───── Dataset content

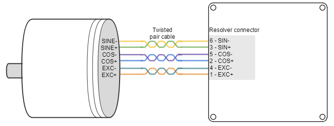 The following picture shows how to connect the resolver to the Titan Go servo Drive:
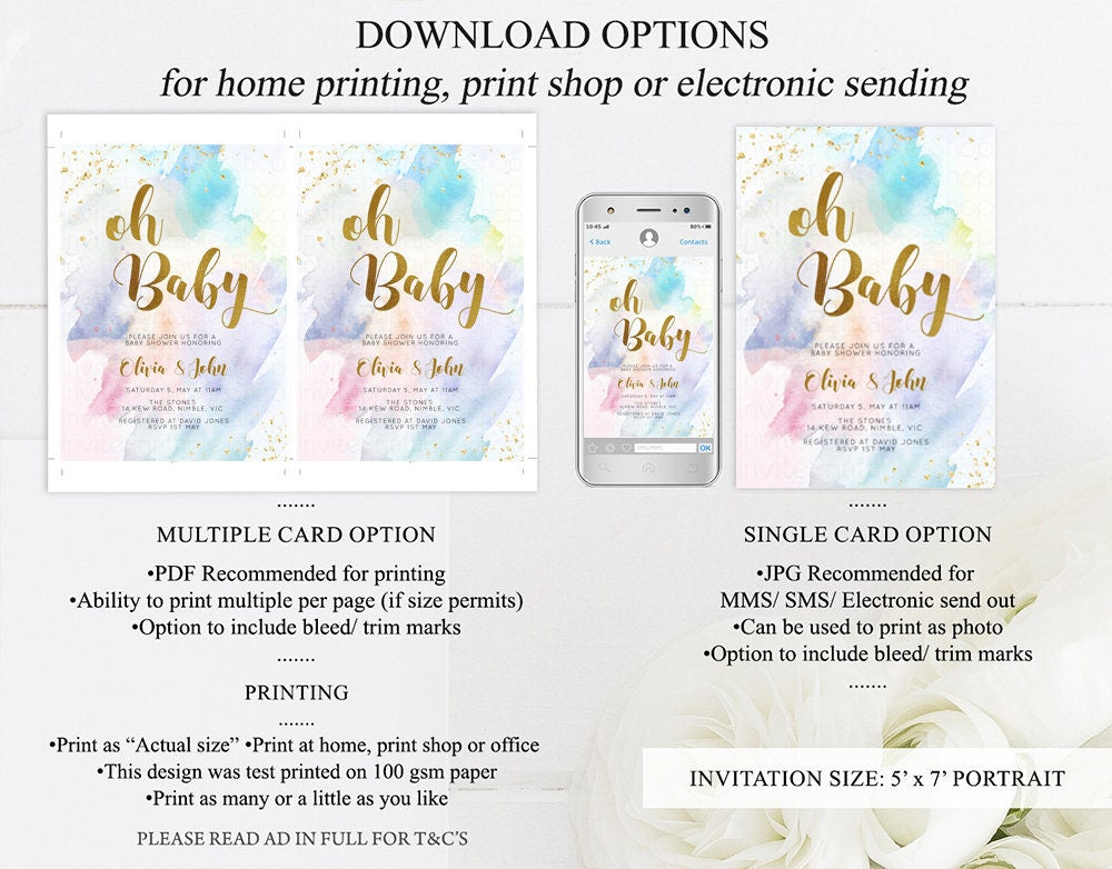 Rainbow Baby Shower Invitation Watercolor Pastel Invitation Colorful Splash Baby Invite Gold Glitter Sprinkles Ombre Gender Reveal G487
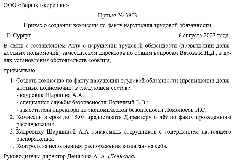 - Создать комиссию по расследованию факта нарушения трудовых обязанностей работником [ФИО, должность] в следующем составе:

──────────

# Action item
Write the listing above out again word for word, excluding all images.

# Output for this task
 The following picture shows how to connect the resolver to the Titan Go servo Drive:
 Rainbow Baby Shower Invitation Watercolor Pastel Invitation Colorful Splash Baby Invite Gold Glitter Sprinkles Ombre Gender Reveal G487
 - Создать комиссию по расследованию факта нарушения трудовых обязанностей работником [ФИО, должность] в следующем составе:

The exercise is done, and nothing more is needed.